Benchmark bandit: Numascale unveils 10TB/sec monster

Supermicro scores again, bringing massive compute power to bear

Numascale's non-universal memory architecture has been used to build a 324-CPU system with 108 Supermicro servers sharing a single system image and 20.7TB of memory – scoring a winning McCalpin STREAM benchmark.

The system, with its cache-coherent shared memory, ran at 10.096TB/sec for the McCalpin Scale function. It was 53 per cent more than the 6.59TB/sec attained by the second-placed system, an SGI Altix UV2000.

The benchmark is a synthetic "program that measures sustainable memory bandwidth and the corresponding computation rate for simple vector kernels".

The system enables massive compute power to be brought to bear on a humongous working set of data with parallel data access. Its details were:

  • 108 Supermicro 1U servers with 3 x AMD Opteron 6386 CPUs each, meaning 324 CPUs in total
  • Mounted in three racks with servers interconnected in a 3D torus via NumaConnect, with a 6x6x3 topology
  • Each Opteron 6386 has 16 cores, meaning each server has 48 cores
  • Each server has 192GB of memory, meaning 20.7TB in total
  • Each server runs Linux and there is a single system image across the 5,184 cores

Numascale said its NumaConnect "enables scalable server computer systems to be built from commodity components at cluster prices, while providing high performance shared memory programming capabilities [and it] eliminates the difficulty of MPI (message passing interface) coding for big data problems".

This is a demonstration of Numascale prowess for the Big Data market. The system is the initial part of a cloud computing installation in a north America-based data centre used to run analysis routines that simulate complex dynamic data using both historical data and near real-time information.

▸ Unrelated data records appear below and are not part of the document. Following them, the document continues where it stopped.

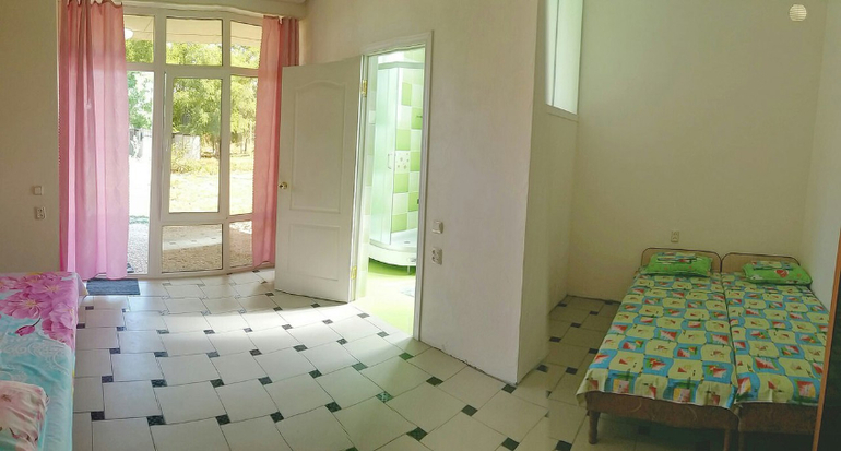 Также имеется отдельностоящий двухкомнатный дом. До моря пешком 5-7 минут, спуск пологий. В каждом номере санузел, душ, кондиционер, ТВ, холодильник и летние веранды.общая кухня для самостоятельного приготовления. В некоторых номерах имеются кухни, а также есть общая кухня для самостоятельного приготовления. На территории расположена детская площадка с батутом, бассейном, песочницей. Также имеется уютный уголок с барбекю, теннисный зал, бесплатная стоянка для авто. Тихое, спокойное место для семейного отдыха. Теплое и мелкое Азовское море, идеальное место для отдыха с малышами! Будем рады Вас видеть!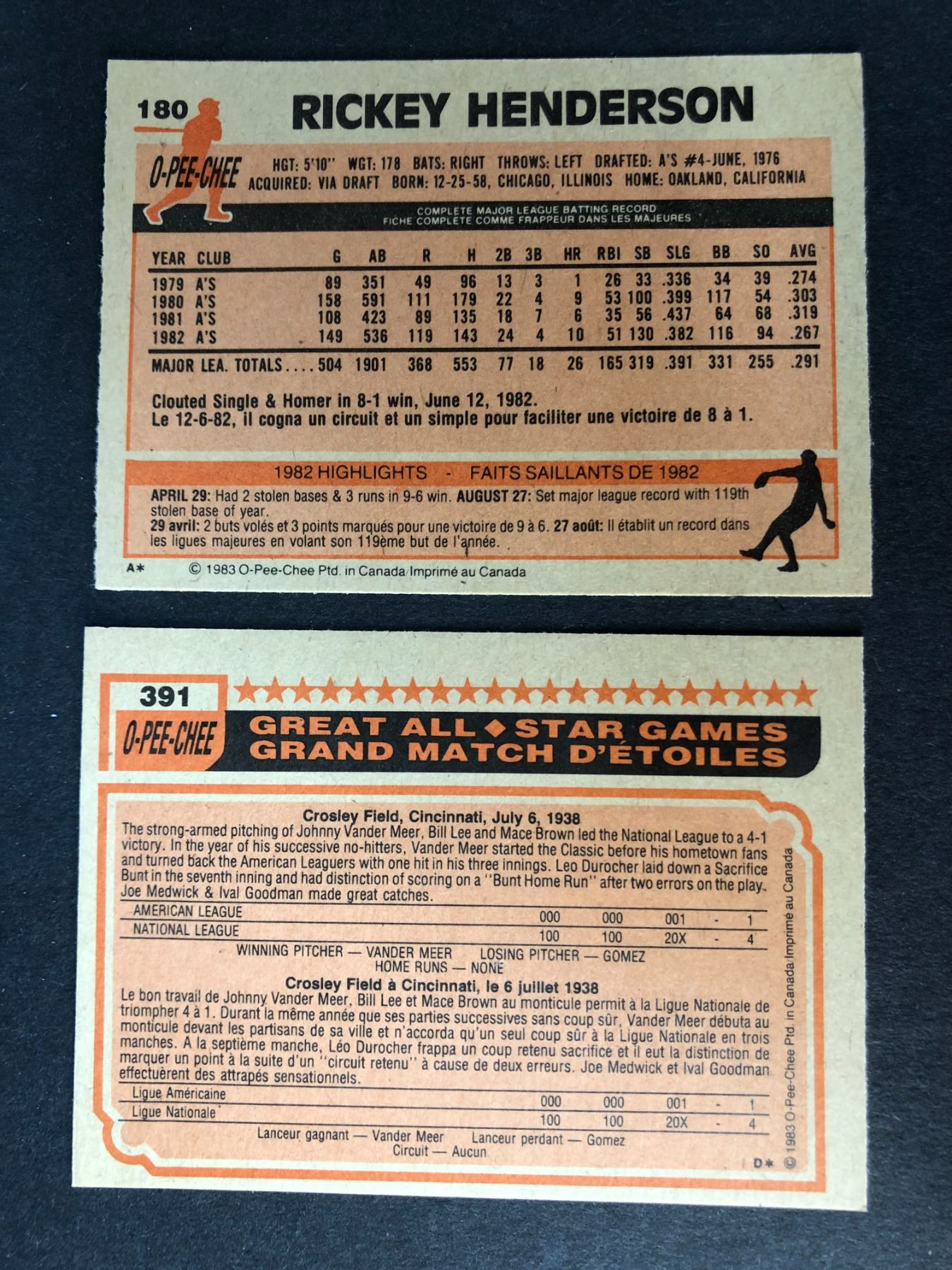 Lot of 2 1983 OPC Rickey Henderson cards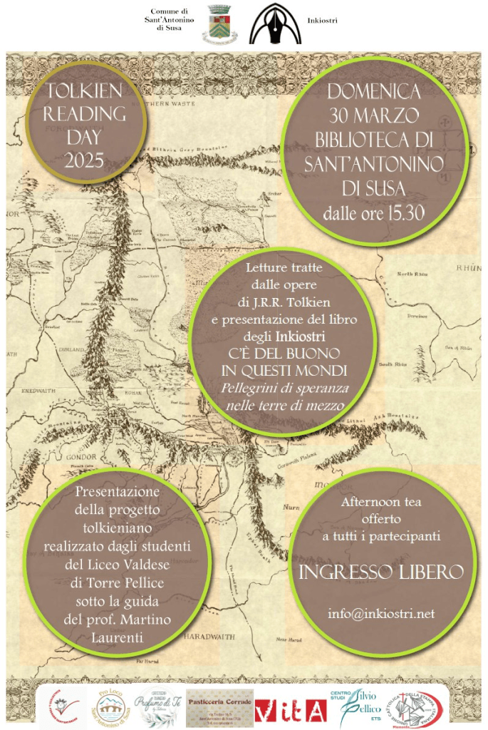 Mentre proseguono le presentazioni del romanzo “I Sentieri del Nizhar”, stiamo alacremente lavorando per il Tolkien Reading Day (TRD di qui in poi. Cosa è il TRD?) che proporremo con un evento pubblico il prossimo 25 marzo negli eleganti locali di Villa Prever, sede del museo di Scienze Naturali della città di Pinerolo e nell’adiacente parco storico.

The routines evaluate "location placement, megawatt sizing, and energy services mix in order to determine the greatest optimisation and efficiency gains from the integration of banks that store and deliver energy to an electric grid."

It's pretty specialised, but Numascale said its technology could be used in so-called smart city applications, such as traffic analysis. This would need, it suggests, 24x7 real-time streaming data from thousand of sensors to justify real-time decisions to optimise traffic flows.

NumaConnect supports up to 256TB of physical memory address space and up to 196,608 cores. Using Supermicro servers would certainty seem cheaper than using SGI or Cray systems or brand name packaged appliances.

But an all-flash equivalent, say using EMC DSSD technology, might be cheaper still and deliver pretty damn good (but not so fast) performance. Balancing budget and performance needs is going to be fun.